HW7 out, due Monday
MT2 next Tuesday
Same location and policies as MT1
Cover through polling/LLN (Wednesday)
Review session
Monday 6:30-8 in 320 Soda
Exams will be available for pickup from Soda front office

Review
Recall that we defined independence for random variables as follows.
Let X and Y be random variables, A be the set of values that
X can take on, B be the set of values Y can take on. Then X
and Y are independent if
∀a∈A ∀b∈B . Pr[X=a ∩ Y=b] = Pr[X=a] Pr[X=b].
Equivalently, X and Y are independent if
∀a∈A ∀b∈B . Pr[X=a|Y=b] = Pr[X=a].

We can similarly define mutual independence for more than two random
variables.

Independent Random Variables
We have used the fact that Var(X+Y) = Var(X) + Var(Y) for
independent random variables X and Y. We now prove that fact.

For independent random variables X and Y, we have
E(XY) = E(X)E(Y).
Proof:
E(XY) = ∑_{a,b} ab Pr[X=a ∩ Y=b]
= ∑_{a,b} ab Pr[X=a] Pr[Y=b]
= ∑_{a} ∑_{b} ab Pr[X=a] Pr[Y=b]
= (∑_{a} a Pr[X=a]) * (∑_{b} b Pr[Y=b])
= E(X) * E(Y).

We have already claimed that for independent random variables X and
Y, Var(X+Y) = Var(X) + Var(Y). Now we prove it.
Var(X+Y) = E((X+Y)^2) - E(X+Y)^2
= E(X^2 + 2XY + Y^2) - (E(X) + E(Y))^2
= E(X^2) + 2E(XY) + E(Y^2) - E(X)^2 - 2E(X)E(Y) - E(Y)^2
= E(X^2) + 2E(X)E(Y) + E(Y^2) - E(X)^2 - 2E(X)E(Y) - E(Y)^2
= E(X^2) + E(Y^2) - E(X)^2 - E(Y)^2
= Var(X) + Var(Y).

What about if X and Y are not independent? Let's consider the
extreme case Y = X. Then
E(XY) = E(XX) = E(X^2) ≠ E(X)^2 in general
Var(X+Y) = Var(2X) = 4Var(X) ≠ 2Var(X).
So the two facts above do not hold if X and Y are not independent.

Joint Distribution
The fact that two random variables X and Y are independent gives us
all the information that we need in order to perform calculations
involving those two variables. We now turn our attention to the
general case when X and Y are not independent.

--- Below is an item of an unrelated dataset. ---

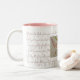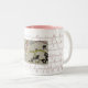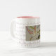 Unterschriftenvögel und -wörter, kombiniert auf einer klassischen zwei-getonten Tasse

Recall that for non-independent events A and B, in order to compute
probabilities of the form
Pr[A ∩ B]
Pr[A ∪ B]
Pr[A|B]
we needed to know Pr[A ∩ B]. This quantity encodes all the
information about how A and B are correlated.

For random variables, we need something similar. We need the values
Pr[X = a ∩ Y = b]
for all values a in the set of values that X can take on and all
values b in the set of values that Y can take on. This set of
probabilities is called the "joint distribution" of X and Y.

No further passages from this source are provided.